Hoeven Announces Bipartisan Compromise on Student Loan Certainty Act
Changes Broaden Support, Enhance Prospects for Passage
WASHINGTON – Senator John Hoeven today announced that a compromise has been struck on the Bipartisan Student Loan Certainty Act that he is cosponsoring. The amended legislation will incorporates caps to ensure that loan rates don’t exceed affordable levels. The measure will reduce loan rates for 100 percent of borrowers.
In addition to Hoeven, prime sponsors of the bill include Senators Joe Manchin (D- W.Va.), Lamar Alexander (R-Tenn.), Kelly Ayotte (R-N.H.), Richard Burr (R-N.C.), Tom Carper (D-Del.), Tom Coburn (R-Okla.), Johnny Isakson (R-Ga.), and Angus King (I-Maine).
The Bipartisan Student Loan Certainty Act would tie all federal student loan rates to the 10-year U.S. Treasury note rate to reflect current market and employment conditions. Specifically, the bill would take the rate for 10-year Treasury notes, which this year would be 1.81 percent, and add fixed percentages to undergraduate, graduate and PLUS loans. Rates would be locked in for the life of the loan.

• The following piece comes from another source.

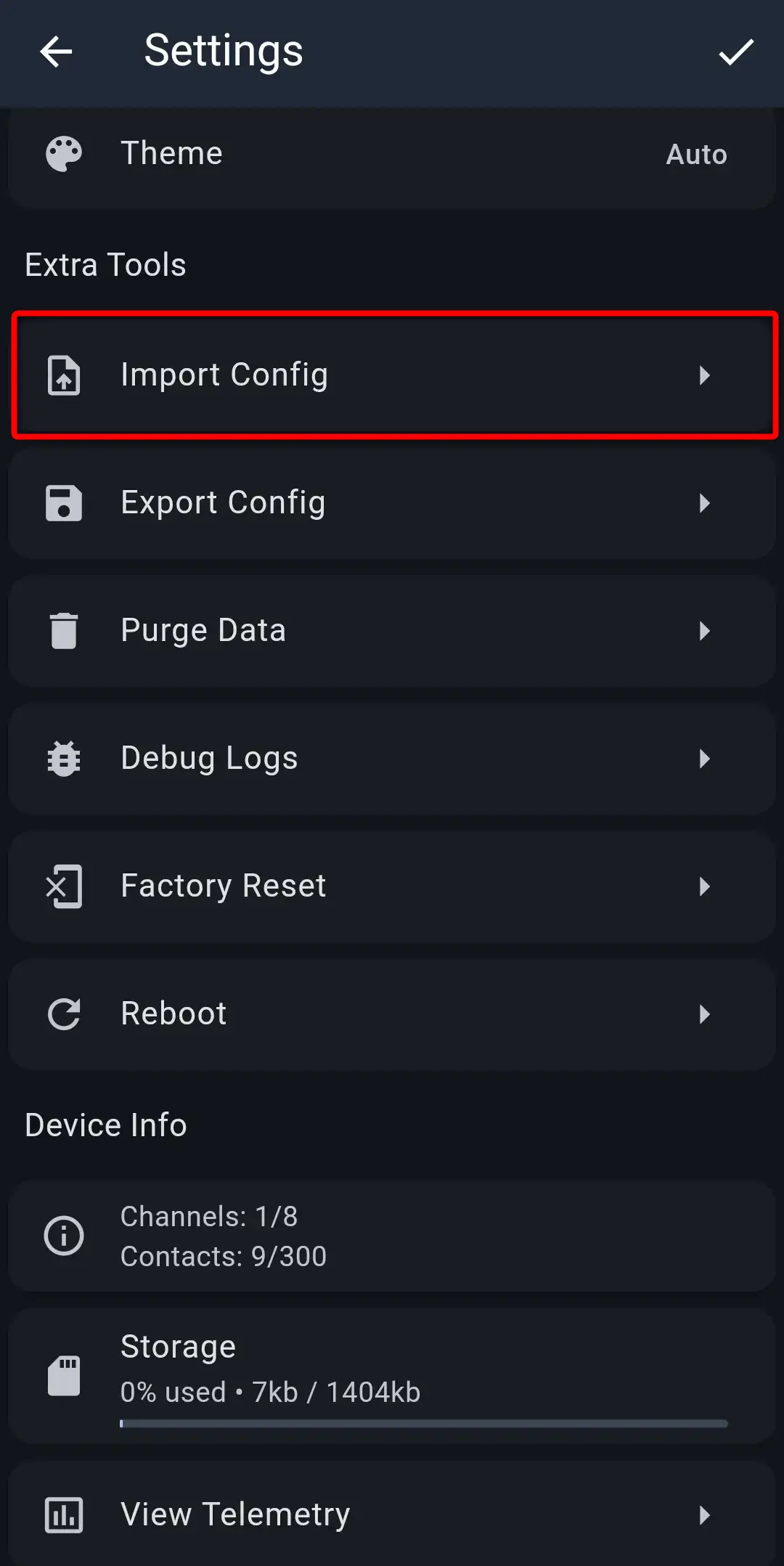 Pojawi się ekran z opcjami konfiguracyjnymi. Zjedź na dół i poszukaj opcji Import config.

For example, borrowers this academic year would be able to lock in the following rates:
- Undergraduate loans: 1.8% + 2.05% = 3.86%
- Graduate loans: 1.8% + 3.6% = 5.4%
- PLUS loans: 1.8% + 4.6% = 6.4%
In the future, even if the Treasury note rate increases, the student loan rates would be capped. The rates could never exceed 8.25 percent for undergraduate loans, which represent 80 percent of all student loans. The cap for graduate school loans is 9.5 percent and the cap for PLUS loans is10.5 percent.
Student borrowers would have a second safety net in addition to the rate caps because the loan payments would also be effectively capped at the Income-Based Repayment level, which limits student loan payments to 15 percent of income, and forgives any remaining balance after 25 years.
“This compromise represents a big step forward for students and families,” Hoeven said. “Speaker Boehner has indicated that the House plans to take up the bill soon after the Senate passes it, meaning the legislation could become law before August, giving students the certainty of knowing they will have affordable rates for the coming school year.”